On 02.06.2014 02:57, Andrew Beekhof wrote:

>> This seems to be some kind of a race condition: I added
>> 	sleep 3
>> to a central point in /usr/lib/ocf/resource.d/linbit/drbd.
> 
> Define central?

=======================================================================
$ diff -u drbd.orig drbd

--- drbd.orig    2014-06-11 14:02:57.000000000 +0200
+++ drbd 2014-06-10 16:37:59.000000000 +0200
@@ -1047,6 +1047,11 @@
 # Everything except usage and meta-data must pass the validate test
 drbd_validate_all || exit

+if $USE_DEBUG_LOG ; then
+       echo OCF_ACTION=$__OCF_ACTION `date` >&9
+       sleep 3
+fi
+
 case $__OCF_ACTION in
 start)
        drbd_start
=======================================================================

>> 1.) Note the parallel "start" at 15:46:53. This could very well end up
>> in a race condition without "sleep 3".
>>
>> 2.) Why is pacemaker doing "stop/start" at all on korfwf02?
> 
> This seems to correspond to 
> 
> May 23 13:29:31 korfwm01 pengine[5140]:   notice: LogActions: Move    stonith-korfwf02	(Started korfwm01 -> korfwf01)
> May 23 13:29:31 korfwm01 pengine[5140]:   notice: LogActions: Move    ALL-ffm	(Started korfwf02 -> korfwf01)
> May 23 13:29:31 korfwm01 pengine[5140]:   notice: LogActions: Demote  DRBD-ffm:0	(Master -> Slave korfwf02)
> May 23 13:29:31 korfwm01 pengine[5140]:   notice: LogActions: Restart DRBD-ffm:0	(Slave korfwf02)
> May 23 13:29:31 korfwm01 pengine[5140]:   notice: LogActions: Start   DRBD-ffm:1	(korfwf01)
> May 23 13:29:31 korfwm01 pengine[5140]:   notice: LogActions: Promote DRBD-ffm:1	(Stopped -> Master korfwf01)
> May 23 13:29:31 korfwm01 pengine[5140]:   notice: process_pe_message: Calculated Transition 843: /var/lib/pacemaker/pengine/pe-input-728.bz2
> 
> from your original tarball.
> 
> In that case, the cause is:
> 
>       <rsc_order id="ord-ALL-ffm-before-DRBD-ffm" score="INFINITY" first="ALL-ffm" then="ms-DRBD-ffm"/>
> 
> Which requires that ms-DRBD-ffm be completely stopped if ALL-ffm is stopped (which it is because its being moved to 01).
> Perhaps you meant this?
> 
>       <rsc_order id="ord-ALL-ffm-before-DRBD-ffm" score="INFINITY" first="ALL-ffm" then="ms-DRBD-ffm" then-action="promote"/>

I tried that. It triggered another race condition.

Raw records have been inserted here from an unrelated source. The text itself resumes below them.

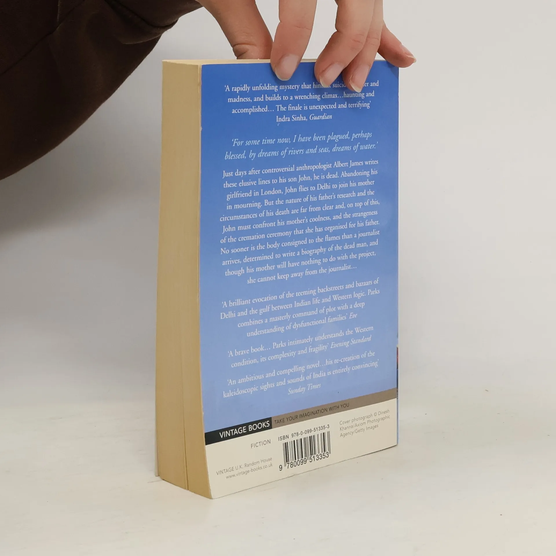'For some time now, I have been plagued, perhaps blessed, by dreams of rivers and seas, dreams of water.'Just days after Albert James writes these lines to his son John, in London, he is dead. Abandoning a pretty girlfriend and the lab where he is completing his PhD, John flies to Delhi to join his mother in mourning. A brilliant and controversial anthropologist, the nature of Albert James's research, and the circumstances of his death, are far from clear. On top of this, John must confront his mother's coolness, and the strangeness of the cremation ceremony that she has organised for his father. No sooner is the body consigned to the flames than a journalist arrives, determined to write a biography of the dead man. The widow will have nothing to do with the project, yet seems incapable of keeping away from the journalist.In Tim Parks's masterly new novel, India, with its vast strangeness, the density and intensity of its street life, its indifference to all distinctions between the religious and the secular, is a constant source of distraction to these westerners in search of clarity and identity. To John, the enigma of his father's dreams of rivers and seas appears to be one with the greater mystery of the country.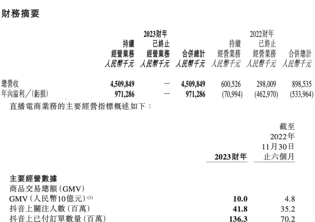 从东方甄选的全年财报中也能看出,东方甄选报告期内(2022年6月至2023年5月)实现总营收45亿元,净利润9.71亿元。其中,直播带货营收39亿元,自营产品的总营收超过26亿元。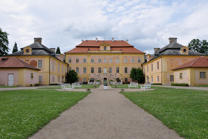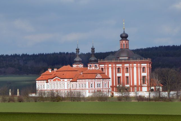 Zámek Valeč s kostelem a sloupem Nejsvětější Trojice leží na úpatí zalesněných Doupovských hor.

=======================================================================
primitive DRBD-ffm ocf:linbit:drbd params drbd_resource=ffm \
 op start interval=0 timeout=240 \
 op promote interval=0 timeout=90 \
 op demote interval=0 timeout=90 \
 op notify interval=0 timeout=90 \
 op stop interval=0 timeout=100 \
 op monitor role=Slave timeout=20 interval=20 \
 op monitor role=Master timeout=20 interval=10
ms ms-DRBD-ffm DRBD-ffm meta master-max=1 master-node-max=1 \
 clone-max=2 clone-node-max=1 notify=true
colocation coloc-ms-DRBD-ffm-follows-ALL-ffm inf: \
 ms-DRBD-ffm:Master ALL-ffm
order ord-ALL-ffm-before-DRBD-ffm inf: ALL-ffm ms-DRBD-ffm:promote
location loc-ms-DRBD-ffm-korfwm01 ms-DRBD-ffm -inf: korfwm01
location loc-ms-DRBD-ffm-korfwm02 ms-DRBD-ffm -inf: korfwm02
=======================================================================

# crm node standby korfwf01 ; sleep 10
# crm node online korfwf01 ; sleep 10
# crm resource move ALL-ffm korfwf01 ; sleep 10
# crm node standby korfwf01 ; sleep 10
# crm node online korfwf01 ; sleep 10
*bang* split-brain.

This is because with the last command "online korfwf01" pacemaker starts
and the immediately promotes ms-DRBD-ffm without giving any time for
drbd to sync with the peer. Look at this log excerpt:

14:16:16 korfwf01 drbd ffm: Starting worker thread (from drbdsetup [30742])
14:16:16 korfwf01 block drbd7: disk( Diskless -> Attaching )
14:16:16 korfwf01 block drbd7: disk( Attaching -> UpToDate )
14:16:16 korfwf01 drbd ffm: conn( StandAlone -> Unconnected )
14:16:16 korfwf01 drbd ffm: conn( Unconnected -> WFConnection )
14:16:16 korfwf01 block drbd7: role( Secondary -> Primary )
14:16:16 korfwf01 drbd ffm: conn( WFConnection -> WFReportParams )
14:16:17 korfwf01 notify-split-brain.sh[30933]: invoked for ffm/0 (drbd7)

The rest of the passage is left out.